- On Monday, a notable push from over 40 Republican legislators prompted fresh scrutiny on the U.S. Securities and Exchange Commission’s contentious crypto custody rule.
- This letter, spearheaded by Chair of the House Financial Services Committee, Patrick McHenry, along with Senator Cynthia Lummis and other bipartisan lawmakers, follows the bipartisan dismissal of SAB 121 which faced a veto from President Joe Biden.
- Critics have long contended that SAB 121 disrupts traditional accounting standards, imposes undue pressures on financial entities, and hampers innovation within the crypto sector.
A group of bipartisan lawmakers revisit the contentious SEC crypto custody rule, urging clarity and reconsideration amidst ongoing regulatory debates.
Call for Clarity in Crypto Custody Rules
The demand for the U.S. Securities and Exchange Commission (SEC) to revise its crypto custody rule has been renewed by over forty Republican lawmakers. This push emphasizes the need for clearer regulatory guidelines in the crypto space, spotlighting the discord surrounding the crypto custody rule established under Staff Accounting Bulletin No. 121 (SAB 121). The contention revolves around the rule’s classification of digital assets as liabilities on balance sheets, a requirement that critics argue could impede financial institutions from entering the crypto custody market and expose consumers to heightened risks.

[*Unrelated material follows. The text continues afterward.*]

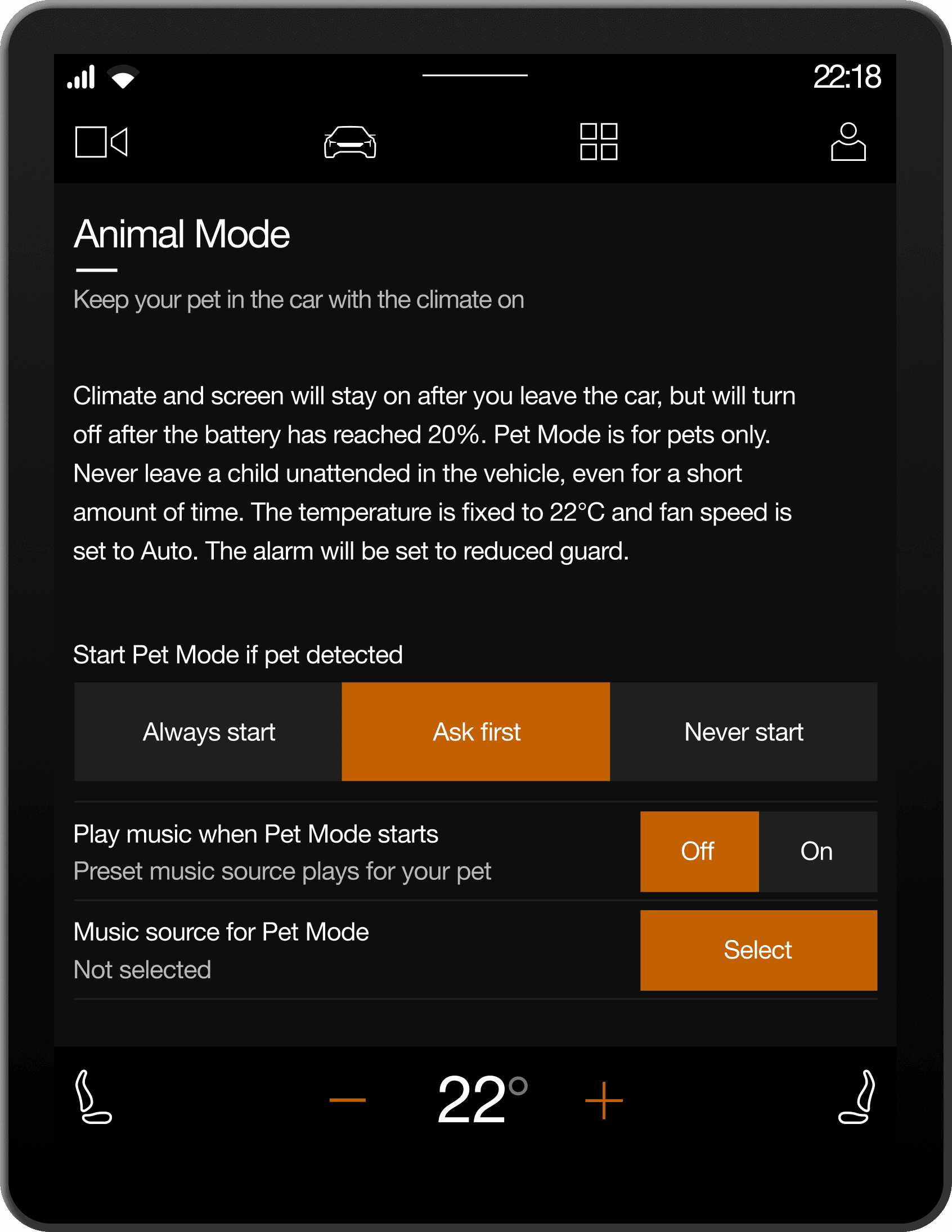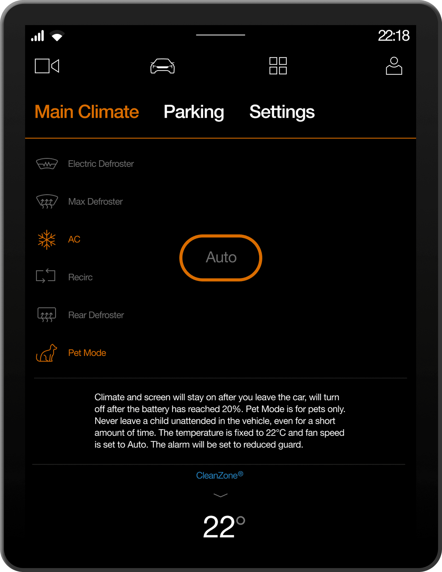 Leaving a pet inside a vehicle introduces safety, legal, and public perception risks. The system needed to maintain a stable interior temperature, clearly communicate status to people outside the vehicle, prevent misuse or unsafe conditions and operate within battery and climate constraints. The feature required coordination between vehicle software, climate systems, battery thresholds, and the in-car interface. Clarity and reliability were critical. The interaction had to be simple. The communication had to be unambiguous.

Bipartisan Efforts and Presidential Opposition
After a bipartisan repeal of SAB 121 was passed by Congress, President Joe Biden’s veto halted the progress. The veto was based on concerns regarding financial stability and investor protection. Despite this setback, the resolve among lawmakers remains undeterred as they point out that the current regulatory approach of the SEC is stifling the growth and innovation within the crypto industry. The lawmakers’ letter indicated that the SEC’s private dealings with certain institutions to help them sidestep compliance with SAB 121 further exacerbate the issue, raising transparency concerns.
Criticism of SEC’s Regulatory Approach
SAB 121, while instituted to mitigate the risks associated with digital asset custody, has faced significant backlash for potentially centralizing those risks rather than distributing them. By imposing liability recognition on custodians’ balance sheets, the rule could push custodial services towards less regulated, non-bank entities, amplifying potential systemic risks. Lawmakers posit that this regulatory method, perceived as “regulation via litigation,” lacks the transparency and predictability essential for fostering a robust and innovative financial environment.
Legislative and Judicial Pushback
Recent deliberations in federal court further underscore the ongoing tensions between the SEC and the crypto industry. Judges criticized SEC attorneys for their reliance on enforcement actions instead of providing clear regulatory frameworks. This criticism aligns with industry sentiments that the SEC’s ambiguous stance on classifying major cryptocurrencies like Bitcoin and Ethereum leaves market players in a state of regulatory limbo. Moreover, cryptocurrency exchange Kraken has signalled its discontent by demanding a jury trial to address the SEC’s accusations, reflecting the broader industry’s calls for judicial and regulatory clarity.
Conclusion
The ongoing discourse surrounding SAB 121 highlights a critical juncture for crypto regulation in the United States. Lawmakers, financial institutions, and the judiciary are increasingly pressuring the SEC to adopt a more transparent, consistent, and innovation-friendly regulatory approach. As this dialogue progresses, the future of crypto custody and broader market dynamics will significantly hinge on the regulatory frameworks established by the SEC and the response from legislative bodies.